2. An autocorrelation processing means for performing autocorrelation processing for estimating a polar model parameter of an input speech signal, and an all-pole inverse filter configured based on the polar model parameter. First filter means for obtaining a residual signal from the input audio signal, and arithmetic means for estimating the parameters of the zero model by performing autocorrelation processing on the result of inverse Fourier transform of the reciprocal of the power spectrum of the residual signal In the audio signal analysis method, the arithmetic unit includes a unit that extracts a pitch period of the input audio signal, and calculates a characteristic of a signal including a power spectrum of a residual signal based on a signal related to the pitch period. An audio signal analysis method, comprising means for smoothing a region.
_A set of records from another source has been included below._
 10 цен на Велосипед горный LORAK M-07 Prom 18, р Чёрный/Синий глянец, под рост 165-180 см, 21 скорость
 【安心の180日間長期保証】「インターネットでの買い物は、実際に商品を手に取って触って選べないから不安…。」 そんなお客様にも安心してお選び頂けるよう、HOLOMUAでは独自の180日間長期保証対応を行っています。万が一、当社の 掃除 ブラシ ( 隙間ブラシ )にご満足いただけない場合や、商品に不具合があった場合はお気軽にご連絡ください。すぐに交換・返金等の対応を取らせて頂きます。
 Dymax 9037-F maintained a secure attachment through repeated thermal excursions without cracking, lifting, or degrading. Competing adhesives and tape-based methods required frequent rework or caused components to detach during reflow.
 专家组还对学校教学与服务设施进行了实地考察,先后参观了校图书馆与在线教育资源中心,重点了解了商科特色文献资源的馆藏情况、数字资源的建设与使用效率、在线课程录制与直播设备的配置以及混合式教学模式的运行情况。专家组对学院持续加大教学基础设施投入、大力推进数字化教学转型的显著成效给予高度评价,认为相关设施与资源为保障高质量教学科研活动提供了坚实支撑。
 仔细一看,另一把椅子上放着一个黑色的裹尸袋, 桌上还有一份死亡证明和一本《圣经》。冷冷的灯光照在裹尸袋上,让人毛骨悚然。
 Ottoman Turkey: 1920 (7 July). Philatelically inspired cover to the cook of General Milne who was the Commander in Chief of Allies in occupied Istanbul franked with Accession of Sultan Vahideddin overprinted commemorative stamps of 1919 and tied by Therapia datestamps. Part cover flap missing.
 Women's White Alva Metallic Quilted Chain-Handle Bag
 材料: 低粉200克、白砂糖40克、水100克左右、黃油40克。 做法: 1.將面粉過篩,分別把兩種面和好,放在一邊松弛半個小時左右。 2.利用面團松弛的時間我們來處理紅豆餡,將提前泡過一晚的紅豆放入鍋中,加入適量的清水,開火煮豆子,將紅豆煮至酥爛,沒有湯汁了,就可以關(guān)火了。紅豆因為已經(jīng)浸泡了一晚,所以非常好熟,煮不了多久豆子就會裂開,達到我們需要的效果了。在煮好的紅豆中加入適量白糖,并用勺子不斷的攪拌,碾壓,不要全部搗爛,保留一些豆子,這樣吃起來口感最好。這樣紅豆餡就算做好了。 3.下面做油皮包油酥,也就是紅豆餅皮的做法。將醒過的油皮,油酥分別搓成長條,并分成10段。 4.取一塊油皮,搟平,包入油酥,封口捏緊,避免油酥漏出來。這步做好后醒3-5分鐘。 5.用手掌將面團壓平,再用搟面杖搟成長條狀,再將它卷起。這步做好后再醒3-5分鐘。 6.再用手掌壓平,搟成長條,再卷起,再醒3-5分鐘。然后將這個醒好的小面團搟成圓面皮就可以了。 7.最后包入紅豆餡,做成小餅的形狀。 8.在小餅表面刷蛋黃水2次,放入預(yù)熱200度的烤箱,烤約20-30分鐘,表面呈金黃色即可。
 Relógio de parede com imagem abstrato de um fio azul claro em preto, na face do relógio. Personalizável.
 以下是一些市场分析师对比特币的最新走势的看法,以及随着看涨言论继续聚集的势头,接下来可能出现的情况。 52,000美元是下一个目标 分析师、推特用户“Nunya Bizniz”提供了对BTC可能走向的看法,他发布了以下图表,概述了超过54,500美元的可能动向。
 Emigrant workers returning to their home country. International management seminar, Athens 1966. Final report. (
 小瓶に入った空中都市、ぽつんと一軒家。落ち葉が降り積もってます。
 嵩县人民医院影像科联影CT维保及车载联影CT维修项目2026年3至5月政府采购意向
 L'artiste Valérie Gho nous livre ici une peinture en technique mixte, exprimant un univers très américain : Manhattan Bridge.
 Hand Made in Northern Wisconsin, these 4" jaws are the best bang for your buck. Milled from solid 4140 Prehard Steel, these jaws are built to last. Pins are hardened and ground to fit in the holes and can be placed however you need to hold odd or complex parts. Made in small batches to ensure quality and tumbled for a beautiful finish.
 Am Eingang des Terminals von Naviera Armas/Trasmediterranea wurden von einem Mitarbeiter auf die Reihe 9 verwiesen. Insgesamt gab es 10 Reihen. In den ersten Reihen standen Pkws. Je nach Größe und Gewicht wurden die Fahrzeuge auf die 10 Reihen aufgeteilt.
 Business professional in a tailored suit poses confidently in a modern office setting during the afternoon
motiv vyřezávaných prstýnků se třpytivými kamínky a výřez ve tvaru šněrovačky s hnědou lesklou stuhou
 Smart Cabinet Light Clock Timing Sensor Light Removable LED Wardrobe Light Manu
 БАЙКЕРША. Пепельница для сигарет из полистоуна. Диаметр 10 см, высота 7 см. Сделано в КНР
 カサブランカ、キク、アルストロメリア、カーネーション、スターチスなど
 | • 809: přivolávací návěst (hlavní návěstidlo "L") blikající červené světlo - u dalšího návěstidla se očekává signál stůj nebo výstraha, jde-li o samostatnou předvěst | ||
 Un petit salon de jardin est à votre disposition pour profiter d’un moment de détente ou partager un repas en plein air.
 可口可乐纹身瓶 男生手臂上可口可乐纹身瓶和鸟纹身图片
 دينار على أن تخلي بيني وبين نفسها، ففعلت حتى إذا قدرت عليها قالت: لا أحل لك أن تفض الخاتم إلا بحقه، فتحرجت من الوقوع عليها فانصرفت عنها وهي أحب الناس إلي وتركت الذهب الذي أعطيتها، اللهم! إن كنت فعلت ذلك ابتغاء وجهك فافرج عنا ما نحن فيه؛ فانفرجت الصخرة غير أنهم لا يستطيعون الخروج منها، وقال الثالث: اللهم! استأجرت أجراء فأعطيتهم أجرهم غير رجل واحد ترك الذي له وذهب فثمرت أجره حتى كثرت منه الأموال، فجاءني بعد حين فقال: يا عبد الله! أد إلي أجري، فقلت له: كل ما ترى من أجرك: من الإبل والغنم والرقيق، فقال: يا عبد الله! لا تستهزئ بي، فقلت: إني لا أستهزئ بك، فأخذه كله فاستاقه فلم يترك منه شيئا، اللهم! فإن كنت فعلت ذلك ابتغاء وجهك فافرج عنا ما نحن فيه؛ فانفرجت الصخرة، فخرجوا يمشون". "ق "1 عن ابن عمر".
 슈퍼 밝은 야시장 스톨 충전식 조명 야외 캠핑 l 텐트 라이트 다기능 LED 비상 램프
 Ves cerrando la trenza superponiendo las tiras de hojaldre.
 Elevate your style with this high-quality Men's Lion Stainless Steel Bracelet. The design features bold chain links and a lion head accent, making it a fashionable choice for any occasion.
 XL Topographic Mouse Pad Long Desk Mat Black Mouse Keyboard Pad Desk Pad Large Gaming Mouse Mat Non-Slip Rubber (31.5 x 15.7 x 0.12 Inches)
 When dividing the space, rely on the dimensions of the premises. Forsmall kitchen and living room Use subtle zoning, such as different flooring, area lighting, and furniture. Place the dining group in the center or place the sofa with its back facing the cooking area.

3. A second method for obtaining a residual signal from an output signal of the first filter means via an all-zero type inverse filter formed based on the parameters of the zero model estimated by the arithmetic means.
3. The audio signal analysis method according to claim 2, further comprising a filter means for obtaining a spectrum envelope characteristic of the audio signal.